VIDEO: ‘If you have goals, reach for it’ says Surrey Special Olympian who broke two powerlifting records

South Surrey teen Malcolm Gendall, who has Down Syndrome, knows a thing or two about dedication

Malcolm Gendall’s eyes sparkle as he excitedly talks about his workout routine.

“Biceps,” he says smiling, “biceps are my favourite.”

Malcolm is a 17-year-old Special Olympian from South Surrey who has Down Syndrome. He was recently awarded for breaking two B.C. records in powerlifting.

“I felt really great, really proud of myself and proud of my body,” he says of his achievements.

The Grade 12 student at Earl Marriott Secondary began powerlifting and training on his own about three years ago.

He was entirely self-taught, spending hours watching videos on his phone and mapping out runs in his South Surrey neighbourhood, until last year when he joined Special Olympics BC powerlifting.

Malcolm’s record-setting performances were achieved at his second-ever tournament, the British Columbia Powerlifting Association provincials (BCPA), held on June 26, 2016 in Langley.

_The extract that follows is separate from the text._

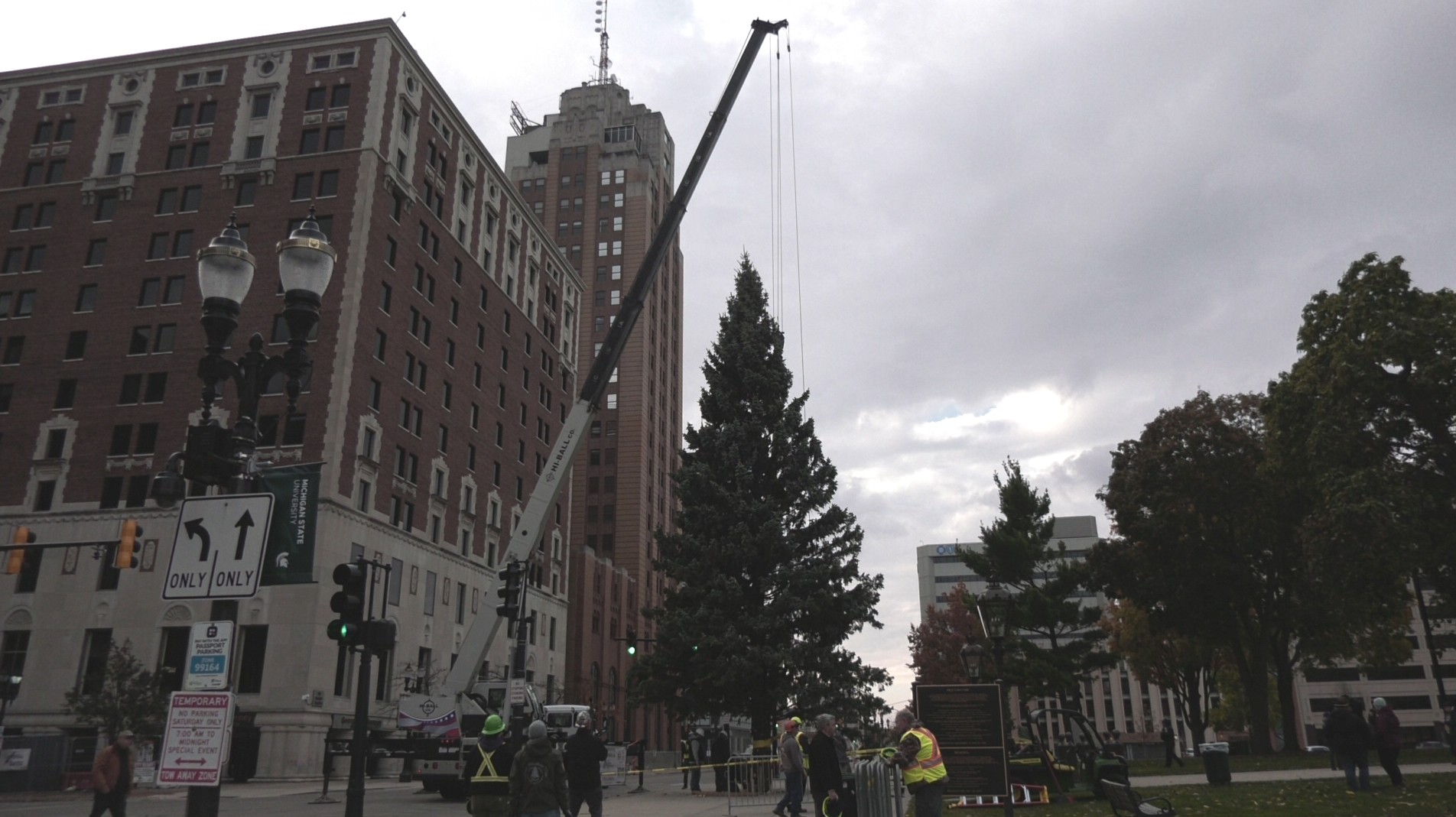 After arriving in Lansing, the Boy Scouts helped remove the restraints around the branches before the tree was lifted into place. In the coming days, the Lansing Forestry Division will shape and secure it before the Board of Water and Light adds thousands of twinkling lights.

“That morning I had to get up so early. I couldn’t even have breakfast. I thought, ‘That’s going to kill me like a lot,’ but I persevered,” Malcolm recalled of his efforts to get into a certain weight class. “I went to the competition and did my weigh-in, and after my weigh-in that morning I could actually eat and drink coffee.”

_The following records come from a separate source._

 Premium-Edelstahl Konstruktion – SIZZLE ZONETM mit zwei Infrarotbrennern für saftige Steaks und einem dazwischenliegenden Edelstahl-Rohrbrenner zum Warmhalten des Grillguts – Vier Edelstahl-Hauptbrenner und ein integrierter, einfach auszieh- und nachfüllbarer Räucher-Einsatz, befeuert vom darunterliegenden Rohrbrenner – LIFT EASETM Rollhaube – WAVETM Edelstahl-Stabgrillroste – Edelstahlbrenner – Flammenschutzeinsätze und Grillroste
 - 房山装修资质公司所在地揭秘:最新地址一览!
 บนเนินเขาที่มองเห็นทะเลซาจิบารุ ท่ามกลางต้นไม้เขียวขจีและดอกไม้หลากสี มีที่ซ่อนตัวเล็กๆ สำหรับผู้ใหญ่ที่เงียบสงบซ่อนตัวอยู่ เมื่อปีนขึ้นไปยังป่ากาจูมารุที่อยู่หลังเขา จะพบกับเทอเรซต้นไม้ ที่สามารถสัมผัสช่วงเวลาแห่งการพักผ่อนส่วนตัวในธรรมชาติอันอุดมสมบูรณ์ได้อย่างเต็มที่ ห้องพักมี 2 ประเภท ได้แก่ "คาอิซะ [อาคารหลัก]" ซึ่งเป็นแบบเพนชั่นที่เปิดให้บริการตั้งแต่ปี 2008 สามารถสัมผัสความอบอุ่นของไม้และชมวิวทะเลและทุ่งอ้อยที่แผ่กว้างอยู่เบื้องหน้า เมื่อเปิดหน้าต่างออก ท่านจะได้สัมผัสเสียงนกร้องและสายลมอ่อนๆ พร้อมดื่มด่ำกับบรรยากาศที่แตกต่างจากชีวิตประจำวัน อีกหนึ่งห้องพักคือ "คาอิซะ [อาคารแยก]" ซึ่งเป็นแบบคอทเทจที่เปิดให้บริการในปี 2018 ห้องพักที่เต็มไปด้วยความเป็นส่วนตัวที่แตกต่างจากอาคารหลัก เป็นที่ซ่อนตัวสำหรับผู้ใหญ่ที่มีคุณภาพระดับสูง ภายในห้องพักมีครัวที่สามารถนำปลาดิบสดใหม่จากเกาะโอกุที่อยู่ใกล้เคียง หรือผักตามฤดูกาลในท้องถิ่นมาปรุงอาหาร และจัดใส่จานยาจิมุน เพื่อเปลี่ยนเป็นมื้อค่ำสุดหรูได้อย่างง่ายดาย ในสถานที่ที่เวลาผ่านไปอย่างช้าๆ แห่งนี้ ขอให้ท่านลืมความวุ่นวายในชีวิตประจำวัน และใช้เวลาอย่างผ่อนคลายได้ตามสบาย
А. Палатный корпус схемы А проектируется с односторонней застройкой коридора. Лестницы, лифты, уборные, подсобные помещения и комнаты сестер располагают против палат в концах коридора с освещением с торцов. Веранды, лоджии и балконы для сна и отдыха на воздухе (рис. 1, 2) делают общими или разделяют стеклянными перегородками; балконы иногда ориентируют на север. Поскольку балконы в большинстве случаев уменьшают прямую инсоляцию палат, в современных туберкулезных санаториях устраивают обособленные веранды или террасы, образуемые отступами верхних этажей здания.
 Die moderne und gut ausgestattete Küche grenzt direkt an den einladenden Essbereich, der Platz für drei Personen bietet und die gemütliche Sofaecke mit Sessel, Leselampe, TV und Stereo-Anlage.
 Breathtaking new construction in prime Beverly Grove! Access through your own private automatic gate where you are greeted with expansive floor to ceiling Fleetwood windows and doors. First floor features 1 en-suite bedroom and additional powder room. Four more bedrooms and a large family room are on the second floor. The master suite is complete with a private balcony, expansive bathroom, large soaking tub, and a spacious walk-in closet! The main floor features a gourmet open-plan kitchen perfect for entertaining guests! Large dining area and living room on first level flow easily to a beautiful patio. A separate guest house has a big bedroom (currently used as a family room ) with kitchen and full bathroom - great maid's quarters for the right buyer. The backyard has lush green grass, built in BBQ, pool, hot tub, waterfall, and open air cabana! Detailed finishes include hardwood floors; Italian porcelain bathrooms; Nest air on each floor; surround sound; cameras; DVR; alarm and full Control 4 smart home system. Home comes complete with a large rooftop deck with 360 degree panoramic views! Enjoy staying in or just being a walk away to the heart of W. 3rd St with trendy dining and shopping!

He powered through, achieving two BCPA records – 75 kilogram Bench Press and 110 kilogram Dead Lift – in the Sub-Junior Men’s Unequipped 59 kilogram division.

Though at the time, he didn’t know his performances were record-breaking. His father did some research and made the discovery. The family applied to the BCPA to get it recognized and just shy of a year later, it was approved and Malcolm was recently given his certificates.

“It felt really awesome,” says Malcolm.

Mom Janet chuckles as she recalls how Malcolm had a ball or a stick in his hand from the minute he could walk.

“Tennis was a big thing, I would put him on a couch or a bed throw the ball at him and he’d hit it back. We progressed to our garage, then that went further up the drive and eventually I took him to a court and he must have been only three or four at that time. When we got to Canada he was six and I started him in tennis. He’s done very well in all sports, but this one is his own endeavour, totally his own.

“He’s always been a very outgoing little fella, always very friendly, always good at sports,” adds Janet.

“I started when he was tiny, throwing balls. Then it went onto golf clubs and rackets. He’s always had a ball or a stick in his hand because I figured the more he could do the better it would be for him. I had no real help, he was born in Ecuador, so I did basically all his early intervention myself and I focused on sports and swimming and running and everything outdoors.

“He’s got very good hand-eye co-ordination… Basically he can hold his own with anything.”

Malcolm describes his strict training regimen.

“Basically I do four workouts and four runs on the weekend. And on school days, two times before dinner after school right away,” he says.

“I was on an intense diet,” Malcolm adds, “but I kind of slipped down, but I’m going to get back on track.”

Asked if he’d like to demonstrate some exercises, Malcolm jumps up.

“Yes, actually I do, yes,” he replies. “I’ll show you the bench press and I’ll show you some arms.”

Malcolm now has his sights set on the 2017 Special Olympics BC Summer Games in Kamloops, where he’s qualified for powerlifting.

“Yes, totally yes,” he said about his plans to continue bodybuilding, adding he may soon begin training a friend of his to compete.

“I literally can’t stop doing it. I do it over and over and over again. Until I get sick of it then I do it some more.”

Malcolm has this advice for anyone who dreams of getting into powerlifting: “I encourage anyone who is watching right now to go home, get in the gym, workout and just get bigger and bigger and bigger, all day, everyday. Keep going.

“If you have goals, reach for it.”

Outside of sports, Malcolm works at a South Surrey McDonalds and is about to graduate high school. And he recently moved into his parents’ basement, where he plans to pay rent.

“I am independent, I work completely hard.”